Our work on learning Regular Grammars demonstrates the feasibility of learning regular languages from examples under additional assumptions concerning the distribution from which the examples are drawn, thereby addressing the problem posed by Pitt in his seminal paper (against the background of strong negative results regarding the feasibility of learning regular grammars within the standard PAC learning framework): “Are DFA PAC-identifiable if examples are drawn from the uniform distribution, or some other known simple distribution?”

  1. The class of simple DFA (i.e., DFA whose canonical representations have logarithmic Kolmogorov complexity) is efficiently PAC learnable under the Solomonoff Levin universal distribution (Parekh and Honavar, 1999).
  2. If the examples are sampled at random according to the universal distribution by a teacher that is knowledgeable about the target concept, the entire class of DFA is efficiently PAC learnable under the universal distribution, that is, DFA are efficiently learnable under the PACS Model (Parekh and Honavar, 1999; Parekh and Honavar, 2001).
  3. Any concept that is learnable under Gold’s model for learning from characteristic samples, Goldman and Mathias’ polynomial teachability model, and the model for learning from example based queries is also learnable under the PACS model (Parekh and Honavar, 2000; 2001).

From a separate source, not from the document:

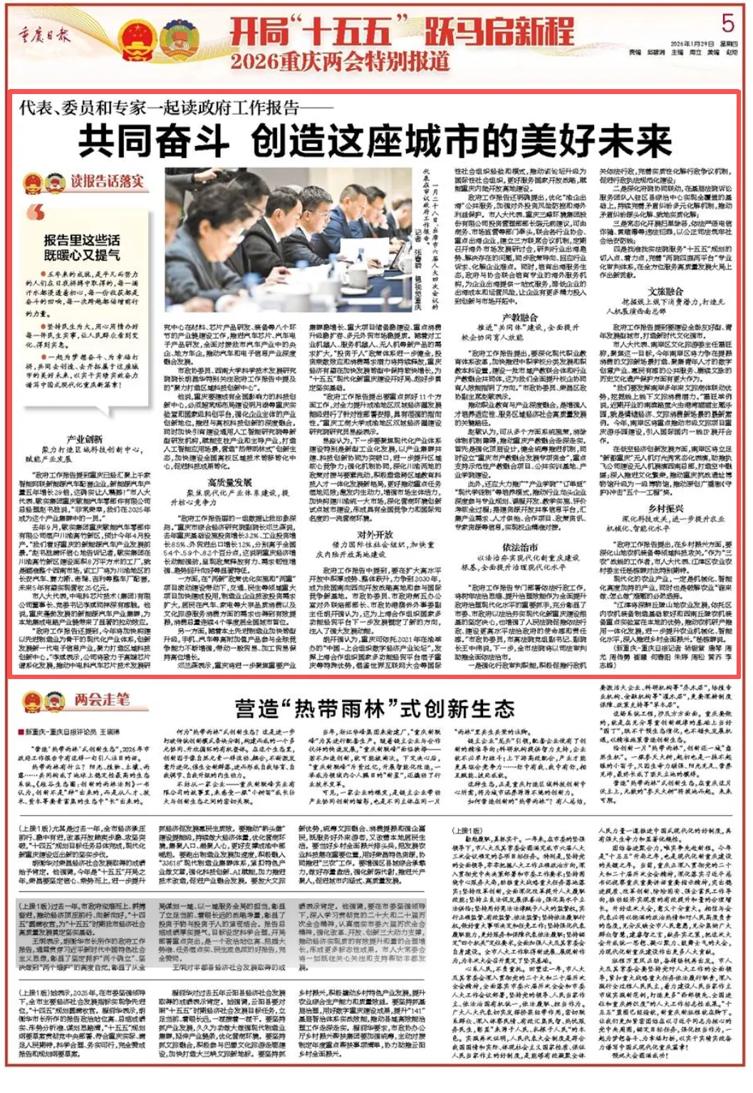 邓兰燕表示,重庆将进一步聚焦重要产业集群稳增长、重大项目储备稳建设、重点消费升级稳扩容、多元外贸市场稳提质。随着对工业机器人、服务机器人、无人机等新产品的需求扩大,“投资于人”政策体系进一步健全,投资乘数效应和消费需求潜力将持续释放,重庆经济有望在加快发展转型中保持较快增长,为“十五五”现代化新重庆建设开好局、起好步奠定坚实基础。
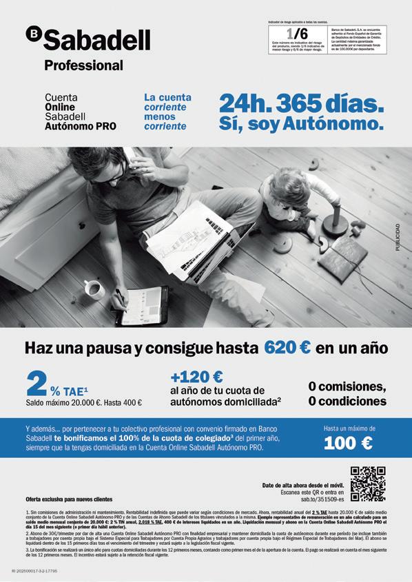CONVENIO CON BANCO SABADELL: Entidad financiera con más de 30 años trabajando con Administradores de Fincas,y más de 300.000 cuentas de comunidades a nivel nacional. Trabaja para mejorar su propuesta de valor para los administradores de fincas y sus comunidades. En este convenio, Banco Sabadell incluye soluciones personalizadas para Comunidades y Colegiados. Este año amplía sus beneficios para nuevos clientes del catálogo de cuentas incluidas en el convenio, con la Cuenta Online Sabadell Autónomos PRO y Cuenta Online Sabadell PRO.

Related work has led to the development of polynomial algorithms for learning regular languages from examples and membership queries (Nichitiu et al., 2000). Our work on learning of grammars used to model natural languages (in particular, dependency grammars, stochastic context free grammars) has led to:

  1. The development of a novel regularization scheme, namely, unambiguity regularization that favors grammars that yield unambiguous parses, which includes as special cases and improves upon, standard expectation maximization (EM), Viterbi EM, and Softmax EM algorithms for unsupervised learning of grammars (Tu and Honavar, 2012).
  2. Demonstration (and explanation) of the benefits of curricula (e.g., a means of ordering training samples presented to the learner in an inductive learning setting) using an incremental construction hypothesis which asserts (loosely speaking) that when the target of learning is a structure e.g., a grammar that can be decomposed into a set of sub-structures e.g., grammar rules, an ideal curriculum is one that gradually emphasizes data samples that help the learner to successively discover new substructures (Tu and Honavar, 2011 ).
  3. An iterative bi-clustering approach to learning probabilistic context free grammars (Tu et al., 2008, 2011).

Work in progress is aimed at extending the theoretical foundations and algorithms for grammatical inference to settings that call for learning from multimodal data (e.g., combination of words and pictures). Some results to date include an algorithm for learning a multi-modal hierarchical Dirichlet process model for annotating images from partially labeled data (Yakhnenko and Honavar, 2009).